August 12, 2015

Feeling Good is the Reward

Mark has been talking a lot this week about our tendency to quit just as the horse softens. A lot of us have been taught to quit frequently as an antidote to the all-too-common tendency to just keep asking more and more of our horses: we are trying, by quitting, to give our horses a reward/release for doing what we ask.

But Mark has been showing us how little sense this makes from the horse's perspective. We ask them to soften and then we just kind of drop them. It would be like going up to a dance partner, smiling, getting in a nice comfortable frame with them and then stopping before you ever start dancing.

I think that that's the key right there. We are not thinking about our horse time as dancing. We are thinking about it as training.

And looked at from a training mentality, we are asking our horses to do things that are, on some level and to some degree, challenging for them. So we don't want to ask too much and we want to give them a big reward when they do it well.

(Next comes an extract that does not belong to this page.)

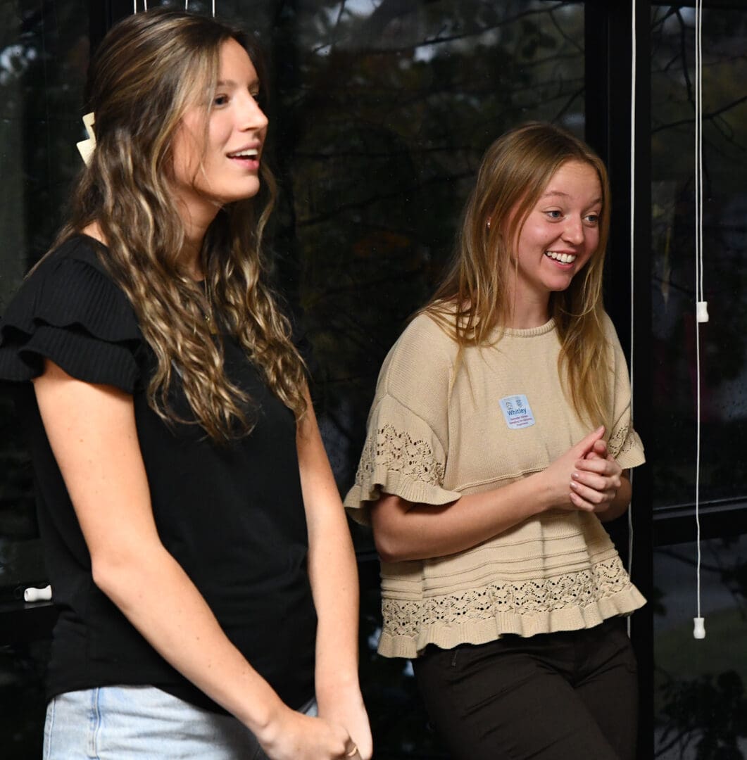 Lindsey Wilson University students Emma Snyder ’26, a human services and counseling major from Glasgow, Kentucky, left, and Whitley Gibson ’27, a human services and counseling and media studies double major from Edmonton, Kentucky, discuss their experiences at Harlaxton College during a presentation about the study-abroad experience on Thursday, Oct. 29, in the J.L. Turner Leadership Center.
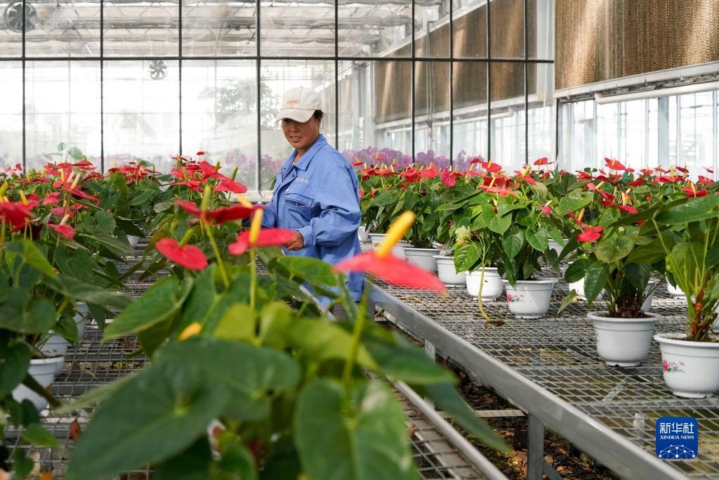 農民在興十四村現代農業示范園區大棚溫室中管理花卉作物(9月16日攝)。

And those are both good things to bear in mind.

But what if, as Mark said of his border collie Ring, the reward is to do things with them?

It's true that if we just want our horses to "do stuff" and if we are doing things with our horses without softness and awareness it probably does feel like work to them and the only reward they'll be interested in is getting to quit. 

But if we really are thinking of our horses as dance partners--if we're interested above all in finding that space where we both feel good moving together--then why not, you know, dance?